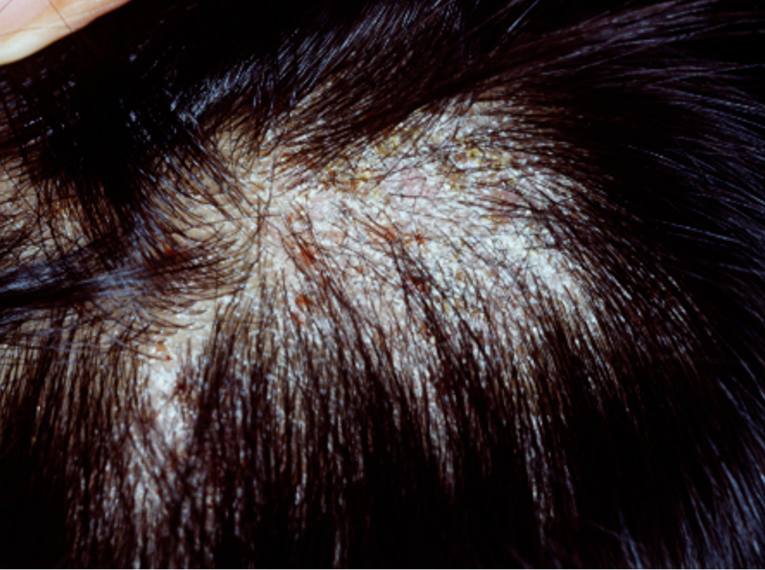 病 歴:受診数年前より頭部に瘙痒が強い。
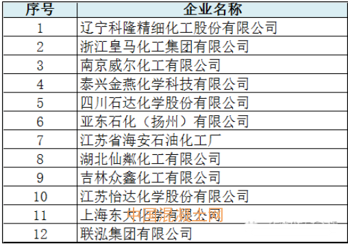 多家環氧企業入圍石化行業百強,浙江嘉化能源化工股份有限公司、中國三江化工有限公司、遼寧奧克化學股份有限公司、佳化化學股份有限公司、德納國際企業有限公司、江蘇華倫化工有限公司。
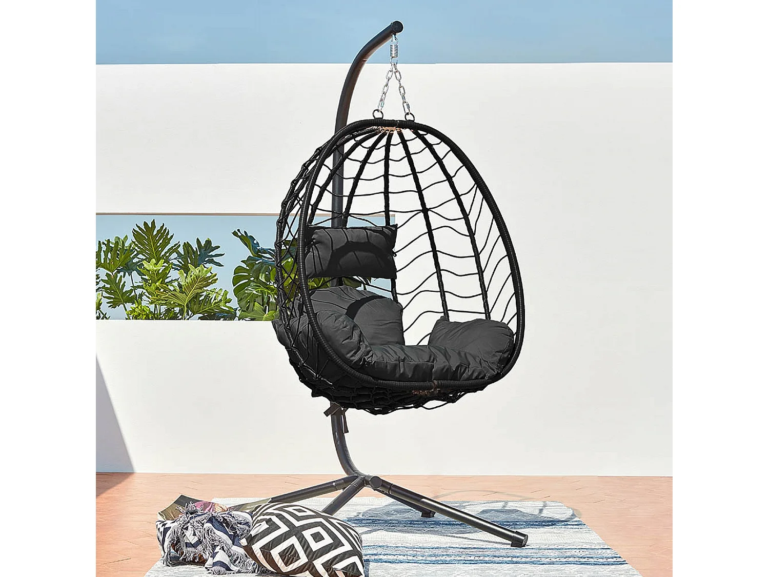 Hangstoel zwart van hars en staal LIMA - Comfortabel en trendy voor binnen en buiten
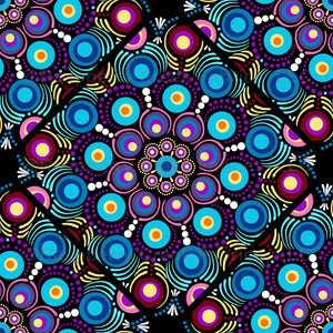 Colourful dot mandala diamond tile pattern using our Starry Night palette on a black background. Abstract floral Aboriginal art with a modern touch.
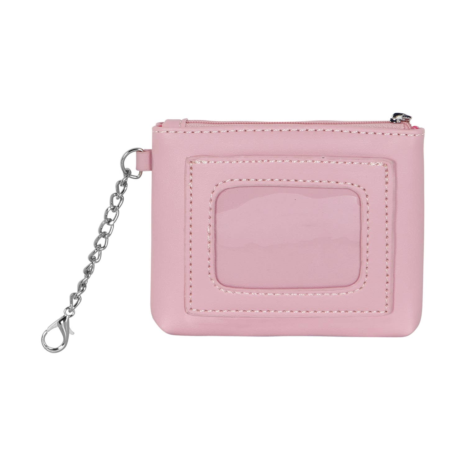 Portefeuille avec un compartiment transparent avant pour les cartes. Compartiment principal à fermeture éclair avec doublure intérieure. Chaîne latérale avec porte-clés.
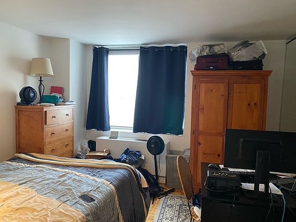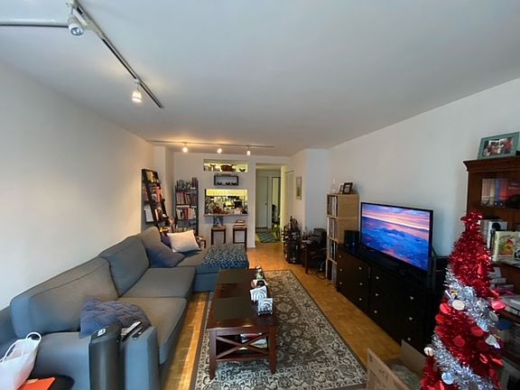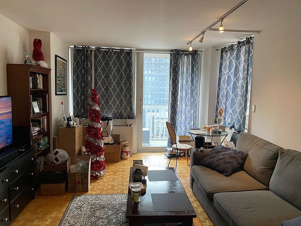 Corner unit on high floor with amazing southern views from the balcony off the living room. Bedroom faces north and comfortably holds a king sized bed, dresser and desk. One closet runs the entire wall and there's a walk-in, plus three others throughout the unit. One full bath is connected to the bedroom and second bath is separate from the living room. Kitchen has fridge, gas stove, microwave, and dishwasher. Building is full-service with 24 hour doorman, gym, sauna, pool, laundry and amazing roof deck (amenities are included in rent) .
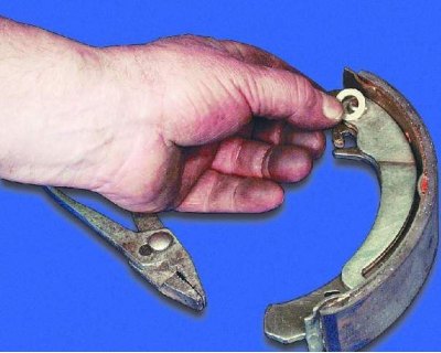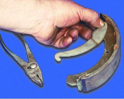 13. Проверьте состояние фрикционных накладок тормозных колодок. Замените их в следующих случаях: а) толщина накладок менее 1,5 мм; б) поверхность накладок замаслена; в) фрикционная накладка непрочно соединена с основанием. Накладки не должны иметь глубоких бороздок и сколов.
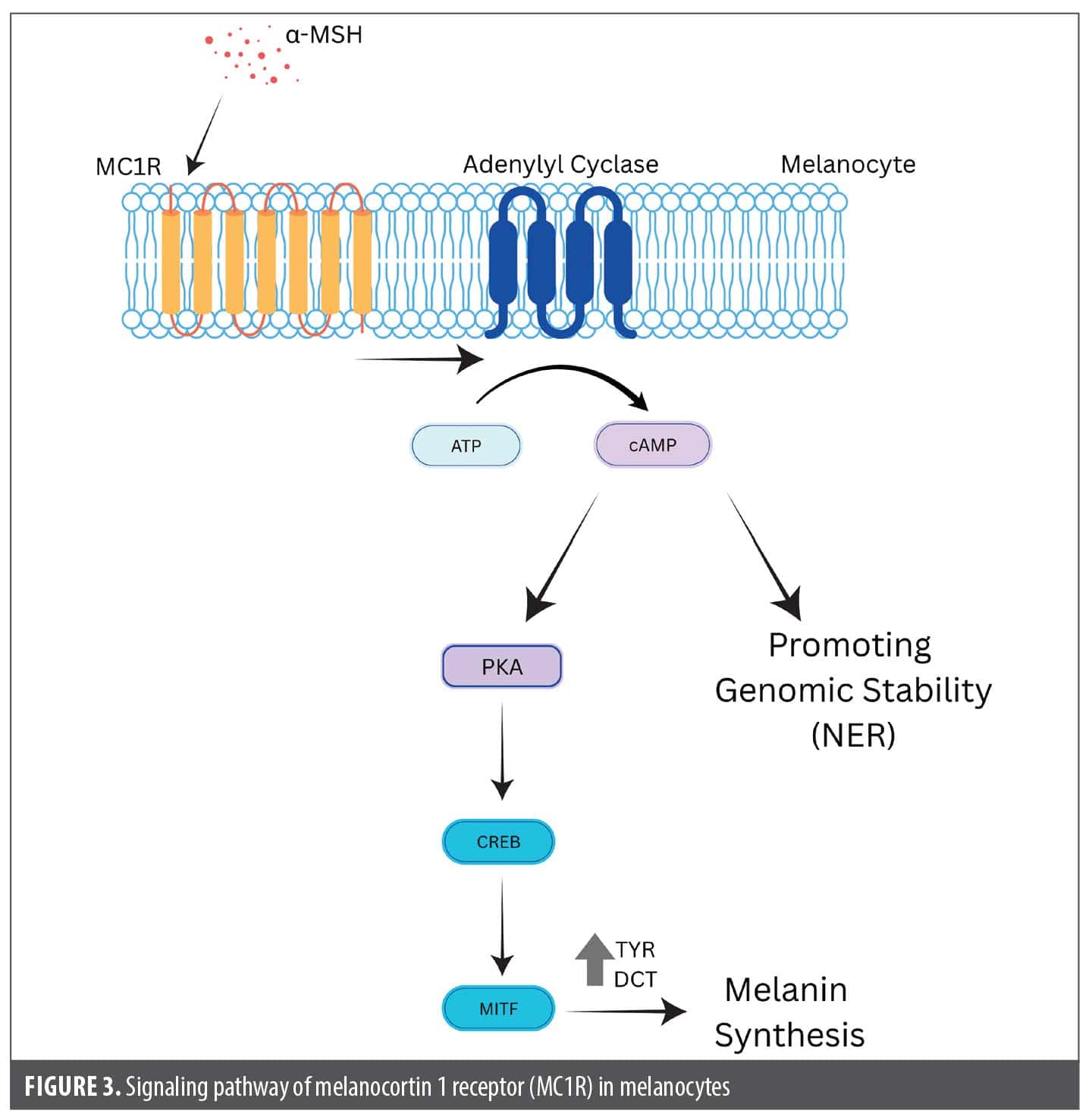 Melanotan. Mechanism of action. Melanotan is a synthetic analog of α-MSH. It acts as a nonselective agonist of one of several MCRs. When acting on the melanocortin 1 receptor (MC1R), melanotan stimulates melanin production and tyrosinase activity, leading to melanocyte proliferation and skin hyperpigmentation (Figure 3).36 Notably, as MC1R is not expressed by melanocyte stem cells, melanotan cannot have an effect on melanocyte differentiation.37 Beyond regulating pigmentation, α-MSH also acts on various other MCRs, playing a role in processes such as appetite regulation and sexual stimulation. Melanotan I (also known as afamelanotide) acts on MC1R and has increased resistance to enzymatic breakdown, whereas melanotan II is a shorter cyclic variant that increases pigmentation at a lower cumulative dose and is less specific and more lipophilic, thereby crossing the blood-brain barrier more easily, leading to more widespread adverse effects.5 Both melanotan I and II are unregulated compounds sold illegally online as a means to stimulate a tan.5
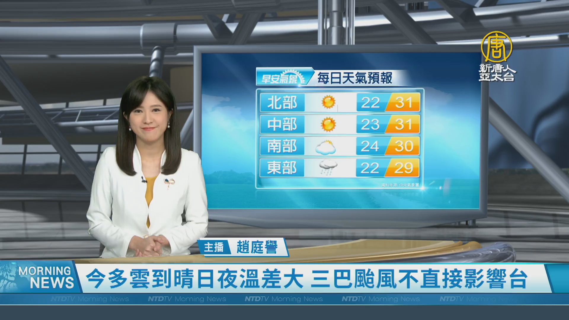 【新唐人亞太台 2023 年 10 月 19 日訊】歡迎您收看10月19日的早安新唐人,我是趙庭譽,先來帶您關心天氣。今天白天各地高溫在28到31度,但須留意日夜溫差,另外,今年第16號輕度颱風「三巴」已在昨天下午生成,預估將朝海南島的方向前進,對台灣並不會有直接影響。帶您一起來看到國際媒體重要訊息。
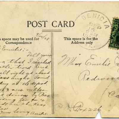 The card was sent to Miss Emilie P. Jones in Redwood California. It is from her aunt and just wants to say that she reached home safely. It is dated 1908.Collection
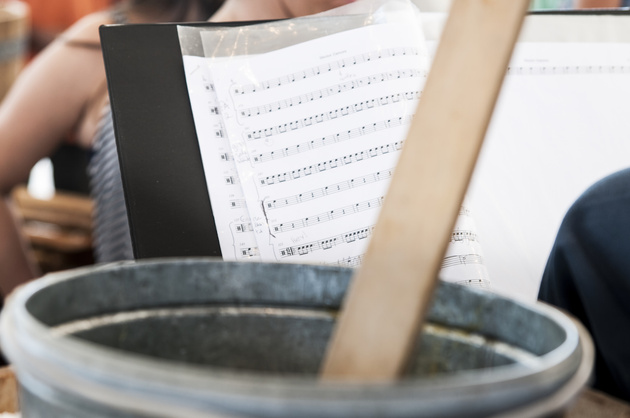 REviraVOLTA is the record of a performance held last August at Centro Cultural Banco do Brasil Brasília, with Ana Luiza Trajano and the body percussion group Barbatuques. Together, more than 40 performers prepared a milk free ice cream known in Mexico as “la nieve” though an artisanal process that emits a harmonic sound, originating a synesthetic work of musical, gastronomic and visual production.
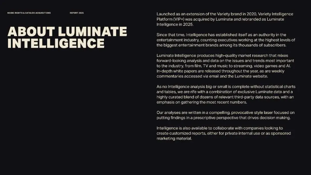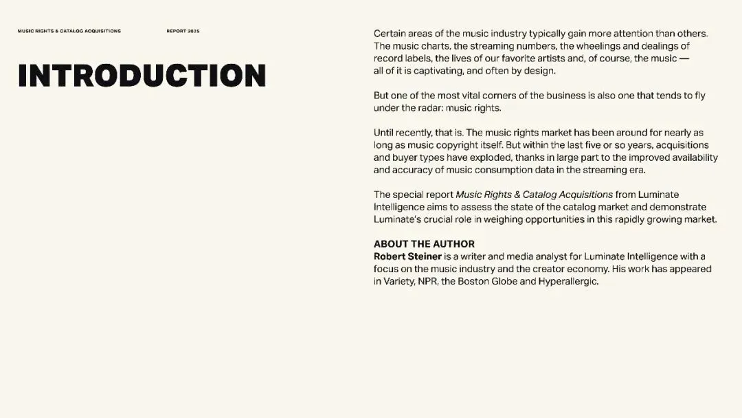 本报告由Luminate Intelligence发布,旨在分析音乐版权与唱片目录收购市场的现状,并展示Luminate在该市场中的关键作用。音乐版权市场近年来迅速增长,成为一种新兴的资产类别,吸引了大量投资者和企业参与。
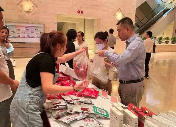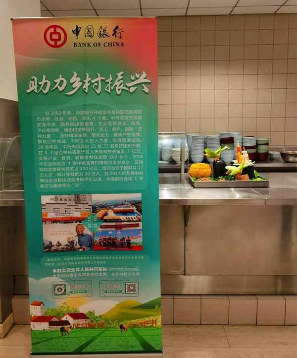 此外,淳化縣大槐樹村作為總行定點幫扶村,在總行餐廳專門設置瞭展位,結合總行數字人民幣支付滿減活動,宣傳“大槐樹優品”抖音賬號,現場推介馬欄紅蘋果、旱地櫻桃、深山羊肚菌、水煮瓜子等優質幫扶農產品。

········

About this task - Print the part of the listing above that opens with the line containing "Corner unit on" and closes with the line containing "13. Проверьте состояние". Copy it exactly, both ends included, and omit the pictures.

Task output -
 Corner unit on high floor with amazing southern views from the balcony off the living room. Bedroom faces north and comfortably holds a king sized bed, dresser and desk. One closet runs the entire wall and there's a walk-in, plus three others throughout the unit. One full bath is connected to the bedroom and second bath is separate from the living room. Kitchen has fridge, gas stove, microwave, and dishwasher. Building is full-service with 24 hour doorman, gym, sauna, pool, laundry and amazing roof deck (amenities are included in rent) .
 13. Проверьте состояние фрикционных накладок тормозных колодок. Замените их в следующих случаях: а) толщина накладок менее 1,5 мм; б) поверхность накладок замаслена; в) фрикционная накладка непрочно соединена с основанием. Накладки не должны иметь глубоких бороздок и сколов.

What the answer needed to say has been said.